THE ROLE OF PRICKLE2 IN AXON INITIAL SEGMENT PLASTICITY AND ITS IMPLICATION IN NEURODEVELOPMENTAL PATHOLOGIES

Neuronal plasticity is essential for brain development and maintaining the excitation/inhibition (E/I) balance, the disruption of which is implicated in neurodevelopmental disorders such as epilepsy and autism spectrum disorders.
In the cerebral cortex, parvalbumin (PV)-expressing inhibitory interneurons play a key role in regulating pyramidal neuron activity via axo-axonic synapses targeting the axon initial segment (SIA). The SIA is a highly specialized and dynamic neuronal domain, crucial for action potential initiation and sensitive to neuronal activity.

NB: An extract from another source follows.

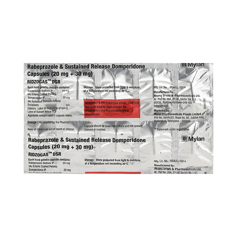 Ridzogas DSR Capsule is a combination medicine used to treat gastroesophageal reflux disease (acid reflux). It works by relieving the symptoms of acidity such as heartburn, stomach pain, or irritation. It also neutralizes the acid and promotes easy passage of gas to reduce stomach discomfort. Ridzogas DSR Capsule is taken without food in a dose and duration as advised by the doctor. The dose you are given will depend on your condition and how you respond to the medicine. You should keep taking this medicine for as long as your doctor recommends. If you stop treatment too early your symptoms may come back and your condition may worsen. Let your healthcare team know about all other medications you are taking as some may affect, or be affected by this medicine.The most common side effects are diarrhea, stomach pain, dryness in the mouth, headache, flatulence, and weakness. Most of these are temporary and usually resolve with time. Contact your doctor straight away if you are at all concerned about any of these side effects. This medicine may cause dizziness and sleepiness, so do not drive or do anything that requires mental focus until you know how this medicine affects you. Avoid drinking alcohol while taking this medicine as it can worsen your sleepiness. Lifestyle modifications like having cold milk and avoiding hot tea, coffee, spicy food or chocolate can help you to get better results.Before you start taking this medicine it is important to inform your doctor if you are suffering from kidney or liver disease. You should also tell your doctor if you are pregnant, planning pregnancy or breastfeeding.

We show that the planar cell polarity protein Prickle2 (Pk2) is essential for maintaining SIA integrity in hippocampal and cortical neurons. Pk2 interacts with ankyrin G (AnkG), a central SIA protein (Dorego-Rivas et al., 2022). The Pk2–AnkG interaction promotes microtubule organization necessary for the assembly and maintenance of the AIS structure. Loss of Pk2 leads to marked morphological abnormalities of the axon initial segment (AIS), associated with cytoskeletal disorganization, reduced AnkG accumulation, and altered neuronal excitability.
In this study, we explore whether and how neuronal plasticity is affected by the selective deletion of Pk2 in PV interneurons, using a mouse model (PV*Pk2). Our results reveal deficits in social and working memory in male and female PV*Pk2 mice, suggesting that loss of Pk2 in PV GABAergic circuits could contribute to autism spectrum disorder (ASD)-like phenotypes.
Our work, focusing on PV interneurons, aims to determine how the regulation of AIS morphology dependent on Pk2 influences cortical plasticity and the excitation/inhibition (E/I) balance.